= THE PROBLEM =
Without the pictures, set down every record below exactly as it reads.

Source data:
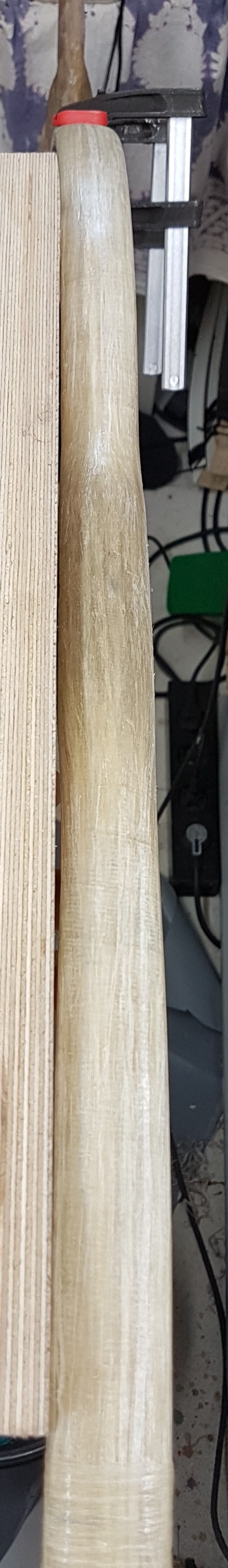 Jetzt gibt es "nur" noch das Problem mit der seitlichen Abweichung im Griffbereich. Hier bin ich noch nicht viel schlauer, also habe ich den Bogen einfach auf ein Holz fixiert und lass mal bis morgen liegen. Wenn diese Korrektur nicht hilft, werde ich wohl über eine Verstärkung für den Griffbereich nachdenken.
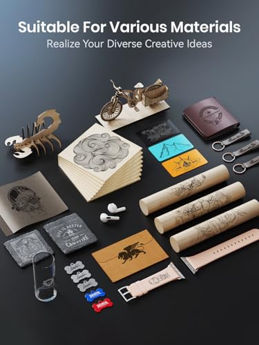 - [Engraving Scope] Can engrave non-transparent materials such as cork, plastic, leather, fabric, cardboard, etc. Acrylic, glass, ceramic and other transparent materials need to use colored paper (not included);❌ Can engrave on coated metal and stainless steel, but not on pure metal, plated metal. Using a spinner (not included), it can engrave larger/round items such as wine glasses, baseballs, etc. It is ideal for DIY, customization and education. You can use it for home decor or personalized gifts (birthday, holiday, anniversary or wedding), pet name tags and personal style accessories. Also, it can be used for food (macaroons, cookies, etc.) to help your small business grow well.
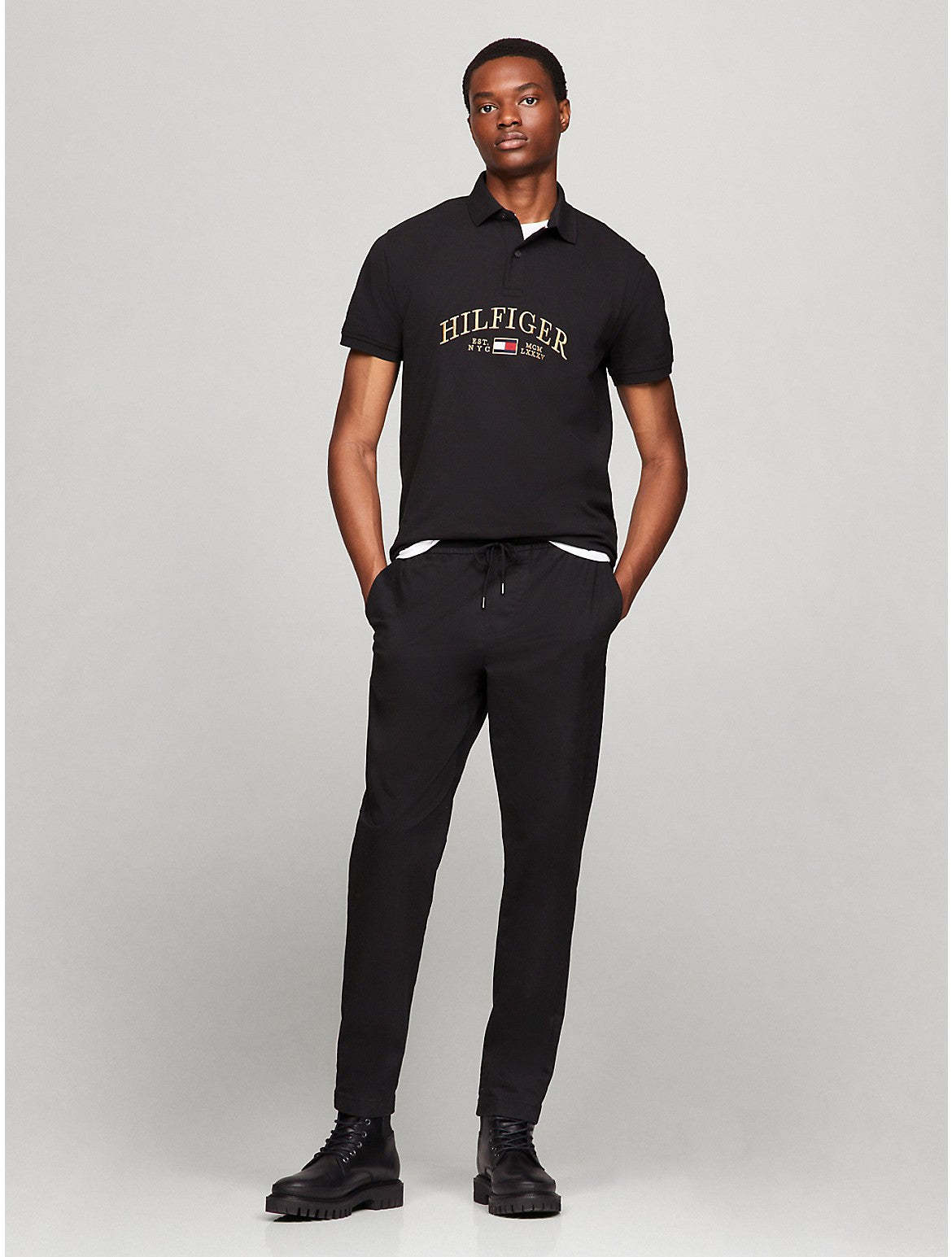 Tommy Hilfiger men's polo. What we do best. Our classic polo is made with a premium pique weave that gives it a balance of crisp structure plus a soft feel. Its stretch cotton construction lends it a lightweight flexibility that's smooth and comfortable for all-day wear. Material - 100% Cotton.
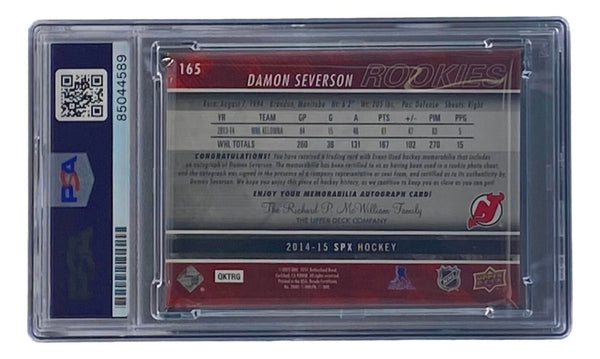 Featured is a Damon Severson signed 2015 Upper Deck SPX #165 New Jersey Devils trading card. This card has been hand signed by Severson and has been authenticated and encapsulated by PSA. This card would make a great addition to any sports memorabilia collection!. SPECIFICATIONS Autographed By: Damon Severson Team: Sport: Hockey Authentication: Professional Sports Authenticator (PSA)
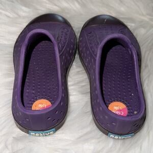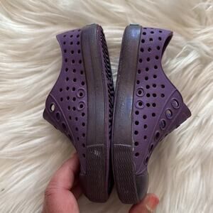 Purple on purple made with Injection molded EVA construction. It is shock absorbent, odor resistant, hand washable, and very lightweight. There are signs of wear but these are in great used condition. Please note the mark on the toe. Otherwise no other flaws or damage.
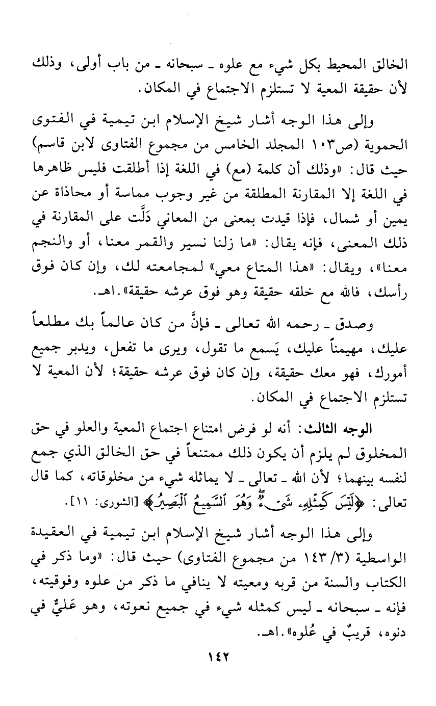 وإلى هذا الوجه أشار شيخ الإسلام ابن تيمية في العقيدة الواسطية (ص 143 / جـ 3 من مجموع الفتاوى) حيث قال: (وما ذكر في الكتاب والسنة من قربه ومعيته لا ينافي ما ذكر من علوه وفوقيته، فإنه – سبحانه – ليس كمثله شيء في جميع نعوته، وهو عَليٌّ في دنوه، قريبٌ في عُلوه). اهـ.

= REPLY TO THE TASK =
 Jetzt gibt es "nur" noch das Problem mit der seitlichen Abweichung im Griffbereich. Hier bin ich noch nicht viel schlauer, also habe ich den Bogen einfach auf ein Holz fixiert und lass mal bis morgen liegen. Wenn diese Korrektur nicht hilft, werde ich wohl über eine Verstärkung für den Griffbereich nachdenken.
 - [Engraving Scope] Can engrave non-transparent materials such as cork, plastic, leather, fabric, cardboard, etc. Acrylic, glass, ceramic and other transparent materials need to use colored paper (not included);❌ Can engrave on coated metal and stainless steel, but not on pure metal, plated metal. Using a spinner (not included), it can engrave larger/round items such as wine glasses, baseballs, etc. It is ideal for DIY, customization and education. You can use it for home decor or personalized gifts (birthday, holiday, anniversary or wedding), pet name tags and personal style accessories. Also, it can be used for food (macaroons, cookies, etc.) to help your small business grow well.
 Tommy Hilfiger men's polo. What we do best. Our classic polo is made with a premium pique weave that gives it a balance of crisp structure plus a soft feel. Its stretch cotton construction lends it a lightweight flexibility that's smooth and comfortable for all-day wear. Material - 100% Cotton.
 Featured is a Damon Severson signed 2015 Upper Deck SPX #165 New Jersey Devils trading card. This card has been hand signed by Severson and has been authenticated and encapsulated by PSA. This card would make a great addition to any sports memorabilia collection!. SPECIFICATIONS Autographed By: Damon Severson Team: Sport: Hockey Authentication: Professional Sports Authenticator (PSA)
 Purple on purple made with Injection molded EVA construction. It is shock absorbent, odor resistant, hand washable, and very lightweight. There are signs of wear but these are in great used condition. Please note the mark on the toe. Otherwise no other flaws or damage.
 وإلى هذا الوجه أشار شيخ الإسلام ابن تيمية في العقيدة الواسطية (ص 143 / جـ 3 من مجموع الفتاوى) حيث قال: (وما ذكر في الكتاب والسنة من قربه ومعيته لا ينافي ما ذكر من علوه وفوقيته، فإنه – سبحانه – ليس كمثله شيء في جميع نعوته، وهو عَليٌّ في دنوه، قريبٌ في عُلوه). اهـ.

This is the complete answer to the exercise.